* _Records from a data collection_
--------------------

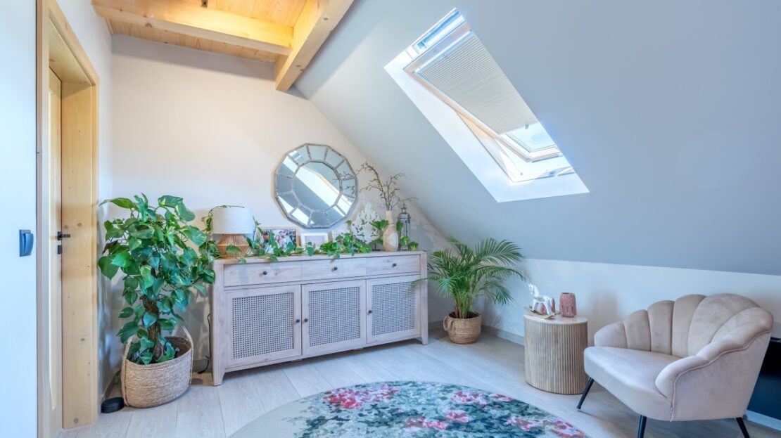 Dom jest całoroczny i ma powierzchnię 225 m2. Na parterze domu znajduje się przestronny salon z antresolą, jadalnia z otwartą kuchnią, łazienka z wanną wolnostojącą i WC, pokój gościnny, garderoba, pralnia oraz hol. Powierzchnia parteru to 130 m.
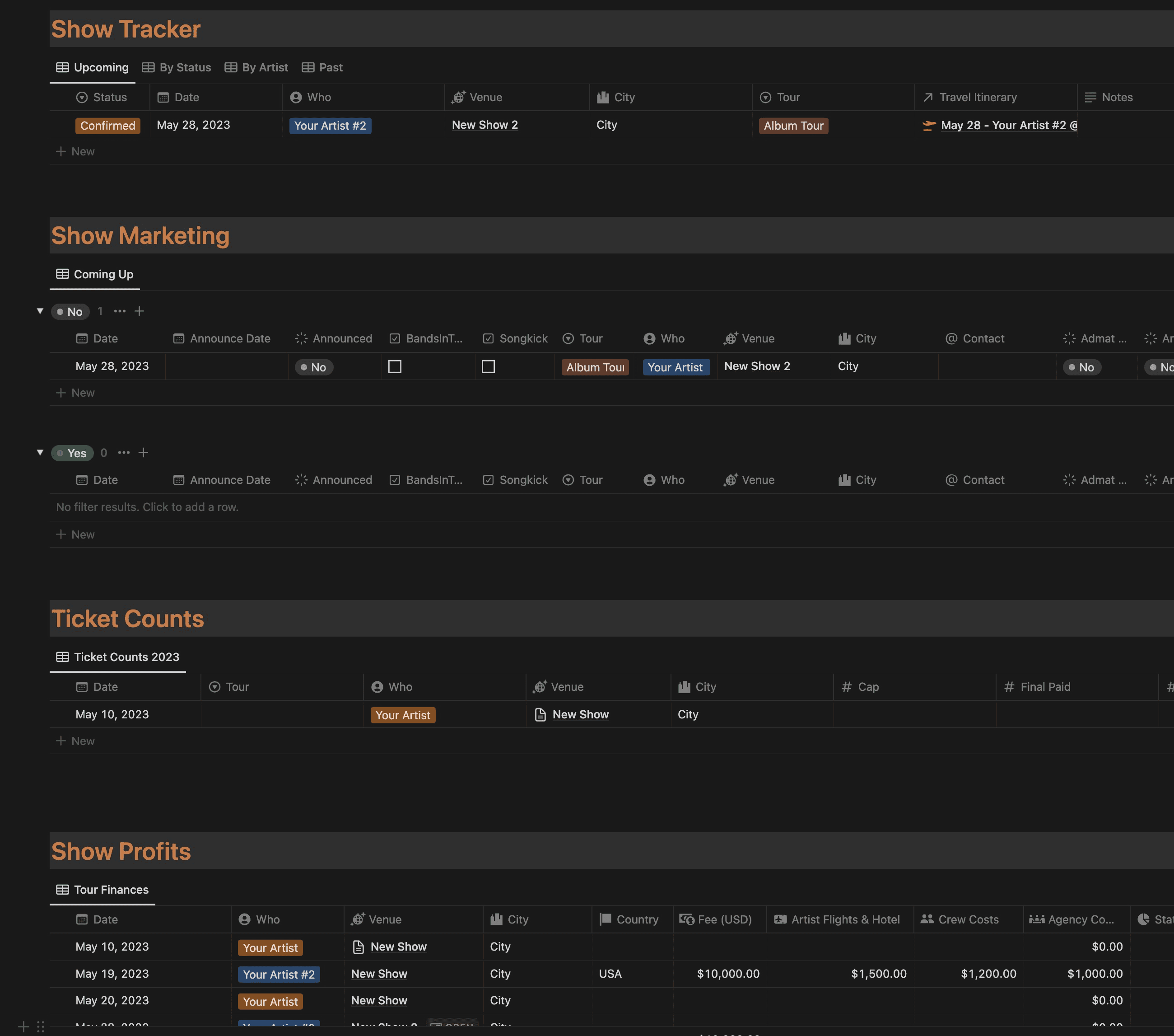 Show Marketing Tracker
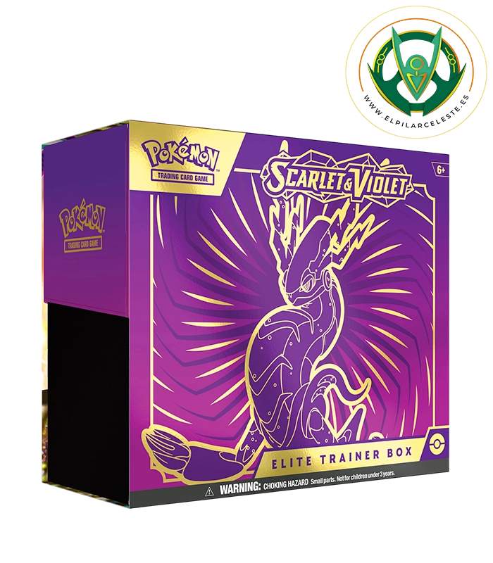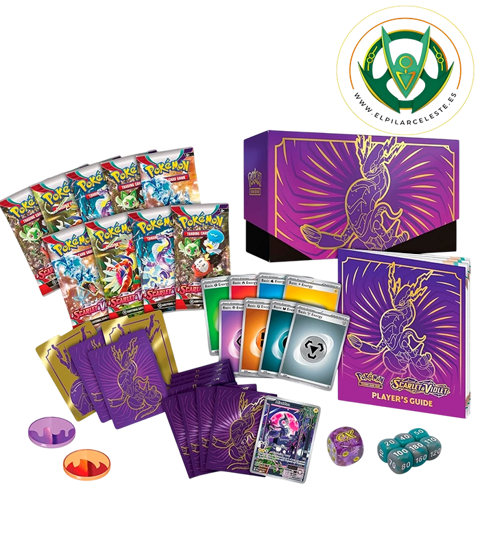Descubre la ETB de Pokémon Escarlata y Púrpura con 9 sobres, carta promocional, fundas ilustradas, separadores, energías, dados y guía de juego. Perfecta para crear un mazo competitivo y completar tu colección Pokémon.
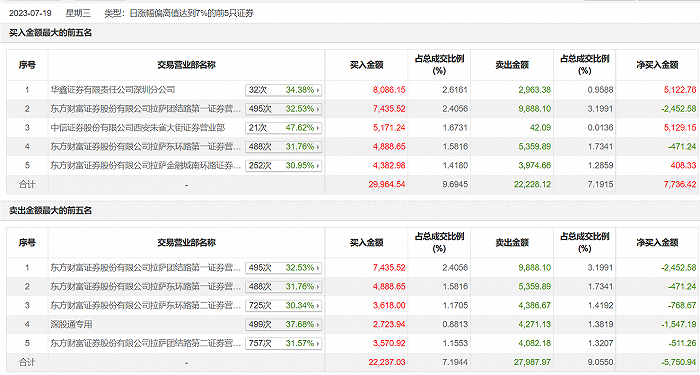 众泰汽车7月19日涨停,龙虎榜数据显示,上榜营业部席位全天成交7.48亿元,占当日总成交金额比例为24.22%。其中,买入金额为3.99亿元,卖出金额为3.5亿元,合计净买入4909.3万元。
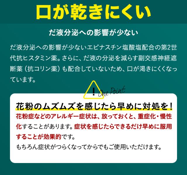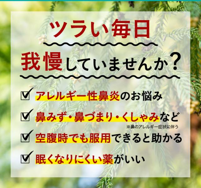 (2) 花粉などの季節性のアレルギー性鼻炎症状に使用する場合は、花粉飛散予測日から、又は、症状が出始めたら早めに服用を始めると効果的です。
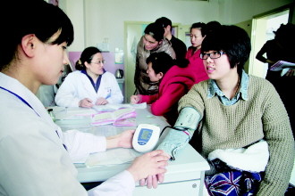 26日,威海卫人民医院的大夫正在为准妈妈进行心率检查。据医院工作人员介绍,生马宝宝的准妈妈出现扎堆产检情况,医护人员建议尽量提前两个周左右到医院预约。
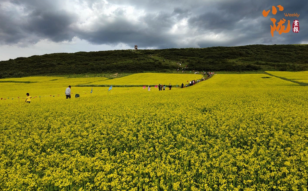 一場細(xì)雨過后,微風(fēng)吹拂,金黃色的花朵隨風(fēng)搖曳。游客們置身花海,賞花、拍照,盡情享受大自然饋贈(zèng)的田園詩意。
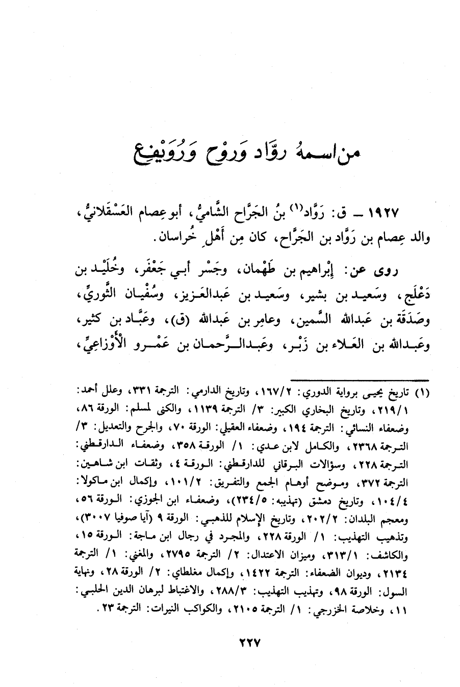 1927 - ق: رواد بن الجراح الشامي (1) ، أبو عصام العسقلاني، والد عصام بْن رواد بْن الجراح، كان من أهل خراسان.
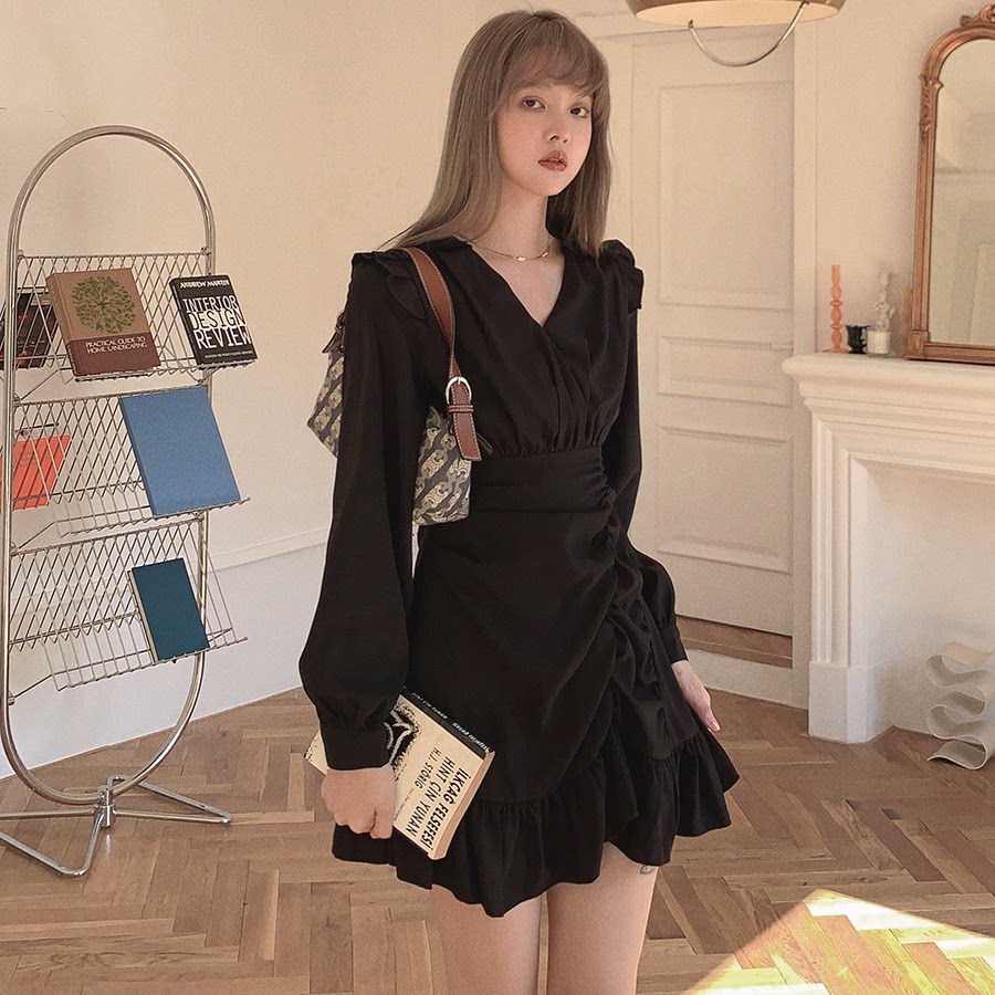 HF 2026新款赫本风法式白裙长袖连衣裙女收腰气质显瘦中长裙

--------------------

* _Your task_
Extract exactly the lines from the one containing "26日,威海卫人民医院的大夫" through the last line of the records above, both included, and leave out the pictures.

* _Response to this task_
 26日,威海卫人民医院的大夫正在为准妈妈进行心率检查。据医院工作人员介绍,生马宝宝的准妈妈出现扎堆产检情况,医护人员建议尽量提前两个周左右到医院预约。
 一場細(xì)雨過后,微風(fēng)吹拂,金黃色的花朵隨風(fēng)搖曳。游客們置身花海,賞花、拍照,盡情享受大自然饋贈(zèng)的田園詩意。
 1927 - ق: رواد بن الجراح الشامي (1) ، أبو عصام العسقلاني، والد عصام بْن رواد بْن الجراح، كان من أهل خراسان.
 HF 2026新款赫本风法式白裙长袖连衣裙女收腰气质显瘦中长裙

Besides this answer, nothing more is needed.